Reputation: 25
I have a data frame like this, where column 1 has different values and ends with a country.
Col1 col2 Col3 col4
A 0 0 1
B 1 0 3
c 4 0 6
D 5 6 7
China na na na
A 0 1 3
B 2 4 5
C 3 5 6
D 1 2 3
E 5 3 3
England na na na
I want to achieve something like the following, so I need to create a new column with the country name manipulated until the row where the country name is is matched.
Col1 col2 Col3 col4 col5
A 0 0 1 China
B 1 0 3 china
c 4 0 6 china
D 5 6 7 china
China na na na china
A 0 1 3 England
B 2 4 5 England
C 3 5 6 England
D 1 2 3 England
E 5 3 3 England
England na na na England
...plus I have 40 other countries to work with. I am new to R and struggling with on how to achieve my desired result.
Upvotes: 2
Views: 109
Reputation: 887088
We can use replace
with na.locf
library(zoo)
df1$Col5 <- with(df1, na.locf(replace(Col1, nchar(Col1)==1, NA), fromLast=TRUE))
df1$Cpl5
#[1] "China" "China" "China" "China" "China" "England" "England"

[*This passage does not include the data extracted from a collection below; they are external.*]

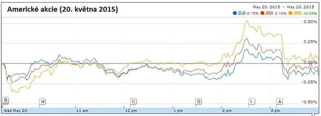 Americké akcie v průběhu středy převážně oscilovaly okolo nuly, větší pohyb vyvolalo pouze zveřejnění zápis z posledního jednání FOMC. Níže ceny tlačily zejména neuspokojivé hospodářské výsledky některých významných firem. Po zveřejnění zápisu z dubnového zasedání centrální banky sice trhy v USA výrazně ožily, když investory povzbudila zpráva, že červnové navýšení úrokových sazeb není pravděpodobné, v závěru obchodování ale většina akcií svůj růst opět stáhla.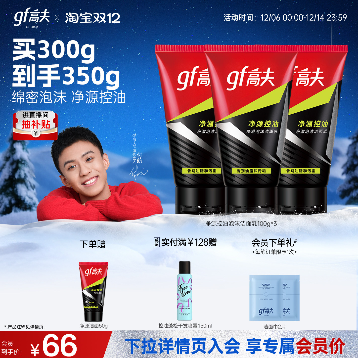 高夫男士洗面奶净源控油专用清洁清爽泡沫洁面乳护肤品官方正品(42元)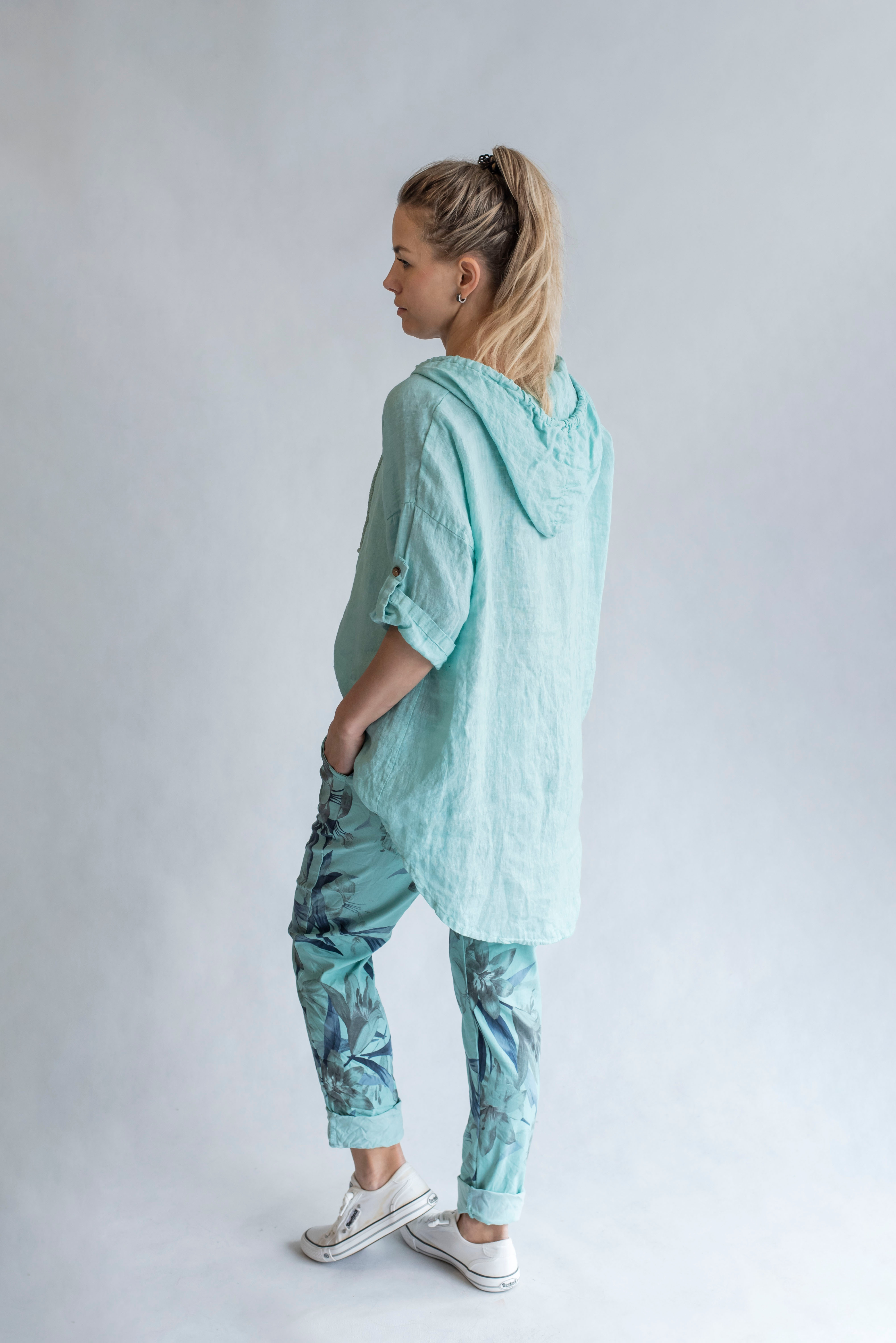 Módní košile s kapucí , krátký rukáv, na rameni knoflík , přední díl kratší, vyrobeno v Itálii

#[8] "England" "England" "England" "England"
Or another option is data.table
library(data.table)
setDT(df1)[, Col5 := Col1[.N], cumsum(shift(nchar(Col1)>1, fill = TRUE))]
df1
# Col1 col2 Col3 col4 Col5
# 1: A 0 0 1 China
# 2: B 1 0 3 China
# 3: c 4 0 6 China
# 4: D 5 6 7 China
# 5: China na na na China
# 6: A 0 1 3 England
# 7: B 2 4 5 England
# 8: C 3 5 6 England
# 9: D 1 2 3 England
#10: E 5 3 3 England
#11: England na na na England
Upvotes: 0
Reputation: 2076
Another hacky method: Using Col1
as starting point, make all the observations having a single character NA
. Then fill the NA
s with the last value.
library(zoo)
df$col5 = df$Col1
df$col5 = ifelse(nchar(as.character(df$col5)) > 1, as.character(df$col5), NA)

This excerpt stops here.